Children are curious. They are honest. And they have questions about grief that they need answered, she said.

“I’ve never heard a child say, ‘I’m glad you lied to me about death. I’m glad you kept some information from me. I’m glad you took me out of the conversation, “said Wood.” Kids are resilient, but they need a guide to help them be resilient. It doesn’t happen in a vacuum. “

For the Walkers, the center has been a godsend.

“If you’ve never experienced it, you can never understand it. Peer and professional counseling has been and still is incredibly important to our path to recovery,” Walker said. “And there is no time limit on how long we can use their services.”

“Things we want you to be here for”

The Walker children began to express their grief in different ways.
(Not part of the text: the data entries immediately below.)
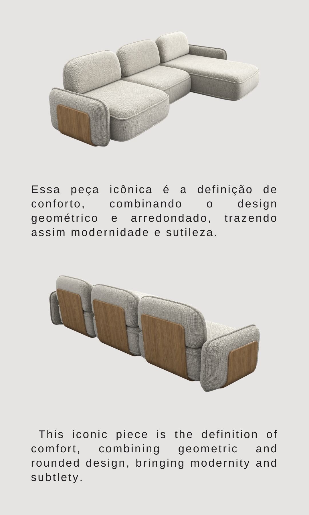 Essa peça icônica é a definição de conforto, combinando o design geométrico e arredondado, trazendo assim modernidade e sutileza. This iconic piece is the definition of comfort, combining geometric and rounded design, bringing modernity and subtlety.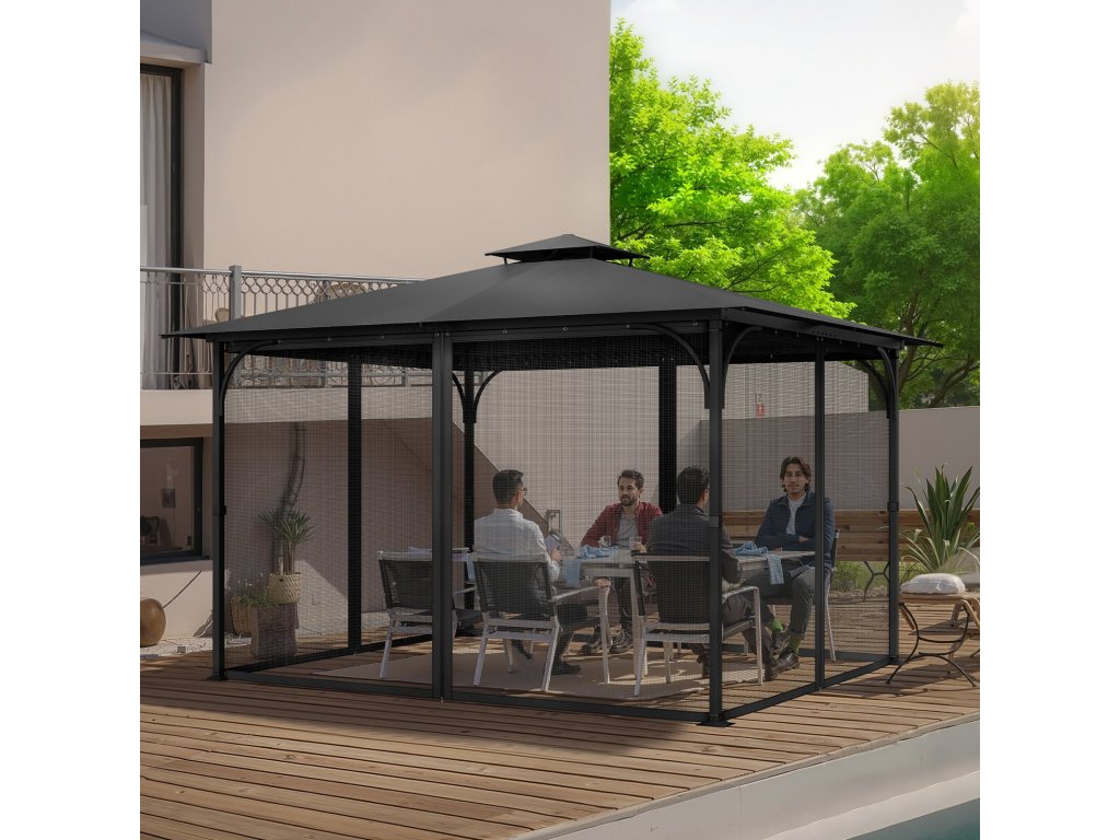 Kerti pavilon háló pótalkatrész 4 paneles dupla cipzárral 3,5×3,3×2,2 m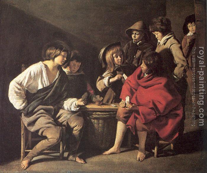 * Hand-painted Le Nain Brothers Oil Painting Reproduction : The Young Card Players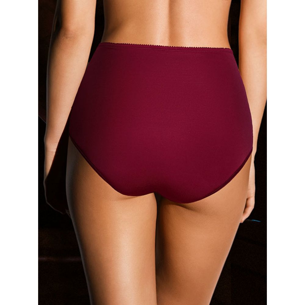 Трусы-слип комфорт макси с завышенной линией. Выполнены из набивного фактурного полотна с цветочным орнаметом, микрофибры и эластичного кружева. Срезы по краю ножек обработаны на плоскошовной машине. Украшение: атласный бантик.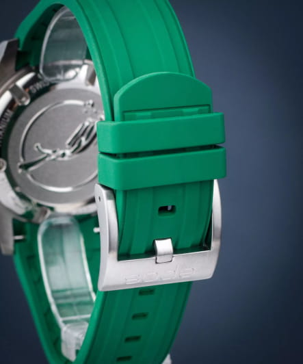 Мужские механические часы с автоподзаводом — это профессиональный дайверский инструмент с швейцарским качеством. Корпус диаметром 41,5 мм и толщиной 13,3 мм выполнен из титана с PVD-покрытиемPVDУльтратонкое покрытие наносится в технике вакуумного напыления, сочетает в себе нитрид титана особой прочности со слоем золота или оксида хрома. Несёт в себе декоративную или защитную функцию., что обеспечивает лёгкость и высокую прочность. Циферблат зелёного цвета оформлен контрастными метками и стрелками. Циферблат защищён сапфировым стекломСапфировое стеклоПрочный и надёжный материал из кристалла сапфира синтетического происхождения, характеризующийся особой твёрдостью и устойчивостью к царапинам и повреждениям.. Механизм — швейцарский калибр Sellita SW200. Окошко даты расположено в положении 3 часов. БезельБезельВнешний ободок, закрепляющий стекло. В спортивных часах так называется поворотное кольцо с делениями на циферблате, выполняет роль таймера – замеряет отрезки времени на шкале. Неподвижный безель – элемент декора. Однонаправленно вращающийся безель на дайверских часах позволяет фиксировать моменты погружения и выныривания на поверхность. — однонаправленный вращающийся. Завинчивающаяся коронка и автоматический гелиевый клапан позволяют использовать часы при глубоководных погружениях. Часы оснащены каучуковым ремешком зелёного цвета с стандартной застёжкой. Водонепроницаемость 500 м соответствует требованиям для профессионального дайвинга. Вес — 98 г. Гарантия — 24 месяца. Идеальный выбор для тех, кто ценит надёжность, точность и экстремальные условия.

They want their father to always be a part of their life, so every night before bed they talk to him and tell him about their day as part of their prayers, their mother said.

Gabriella, her brother and their mother recently wrote a letter to Billy, and Gabriella made a video with those words, along with photos and videos of the good times. It started: “You’ve been gone 113 days. Here are a few things we want you to be here for.”

It included references to the four-wheelers they’d bought together so they could zoom in on nature, the good jokes Billy loved to tell, the restaurant where they used to be the only ones laughing their asses off while the people around them ate in silence or looked at their phones.

It’s the simple moments that they miss the most. The hug. Smile. The terrible dance that made them laugh.

As Christmas approaches, the Walkers have decided they need to shatter old traditions. They couldn’t stand the empty chair, the mute voice, the missing piece of their family puzzle.

“We know we have a lifetime to go without him, like every Christmas. And it hurts so much,” Gabriella said.

Walker made a new plan this Christmas: “We will be at Disneyland. We thought we would try to go to the ‘happiest place on earth’ to try and ease our grief.”

That day and every day, she gives her children this advice which, she hopes, could also comfort other people facing similar grief: “I tell my children, ‘We are not. ‘Okay, and that’s okay, but you’ll be fine. “”

Jeremy Harlan of CNN contributed to this report.